Finding frequently failing builds

When you open Bitrise Insights, you can find the Build failure rate chart on the Overview page.

Here you can see your overall build failure rate trend in the whole Workspace and you can also see the top 5 most frequently failing apps' build failure rate trends.

From here you can continue your investigation using either the View details button or by clicking the Builds page under the EXPLORE section in the left sidebar.

After you open the Builds page switch to the Failure rate tab.

failure-rate-tab.png

On the Builds page, depending on which filters are applied, you can start from the Workspace level which you can see on the upper chart. Using the intelligent breakdown (the 2nd, lower chart) you can drill into the data to find which application, which workflow, which step is causing the build failure rate trend that you are checking.

Let's go through an example. Here on the breakdown chart you can see that we have this application which is failing most frequently in this Workspace:

most-failing-app.png

Filter down to that application, and on the next level you'll find the per Workflow breakdown.

The upper chart now shows what is filtered on, so in this case it's the selected app's failure rate. On the lower, breakdown chart you can see which is the Workflow which fails most frequently.

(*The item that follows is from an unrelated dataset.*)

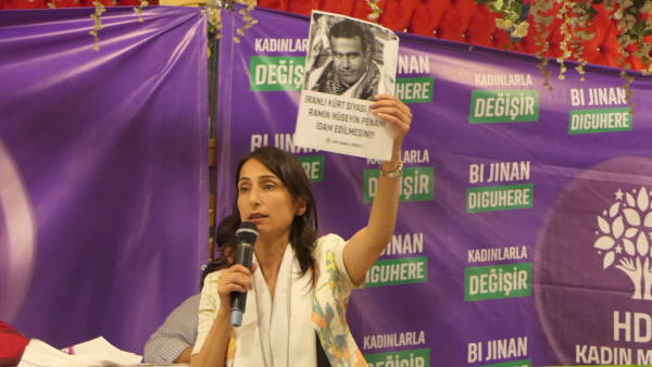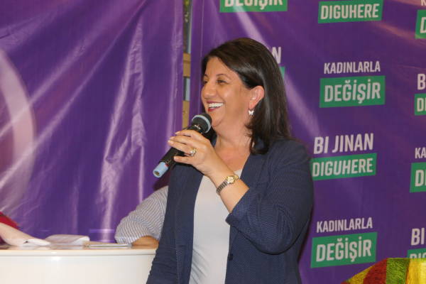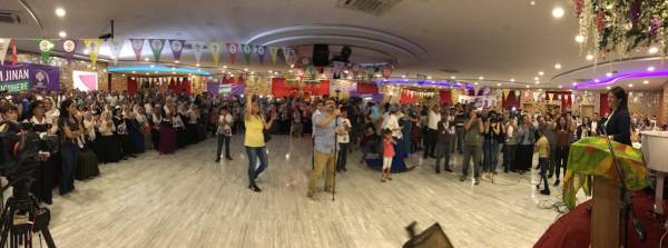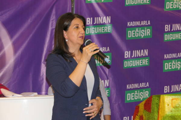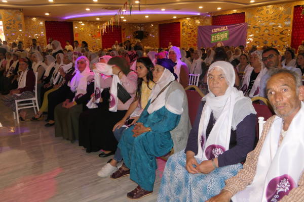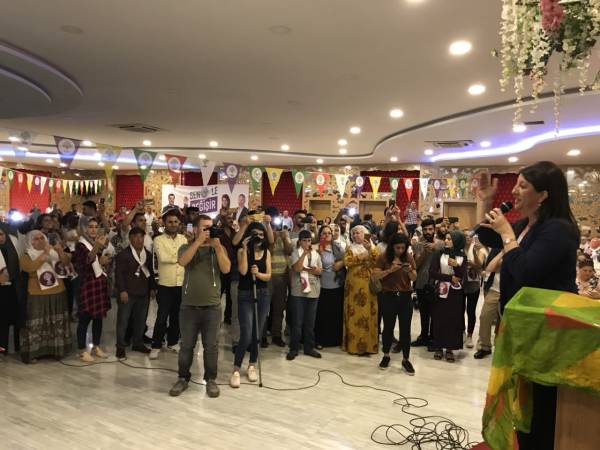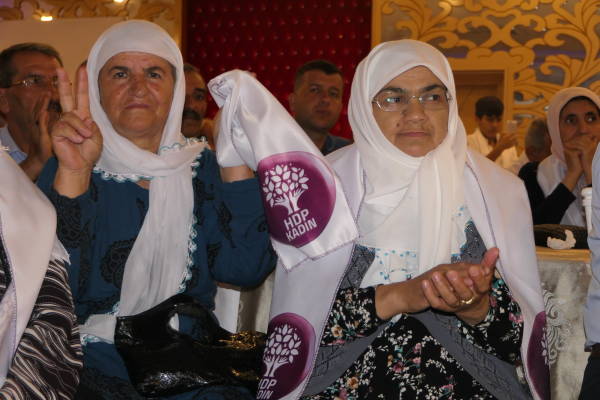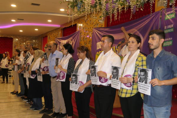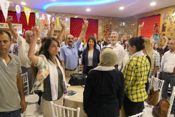 Hevseroka Giştî ya HDP’ê û namzetên parlamenteriyê yên HDP’ê beşdarî civînê bûn. Li salona civînê pankarta ‘Bi jinan re diguhere’ , ‘Namzetê me Demîrtaş’ , ‘Bi jinan wê guhertin çêbibe’ û ‘Bi te diguhere’ hatin daliqandin.

Let's filter down to that Workflow:

workflow-breakdown-chart.png

The upper chart now reflects this filtering, and the breakdown chart switched over to per Step failure rate. Using the breakdown chart you can find out which Step is causing the failure rate trend that we are investigating.

Under the graphs you can also see the build history which is filtered based on the filters that you set at the top and also on the time range that you set in the top right corner.

Hovering on the bars you can see how long specific Steps took and in which build that step failed.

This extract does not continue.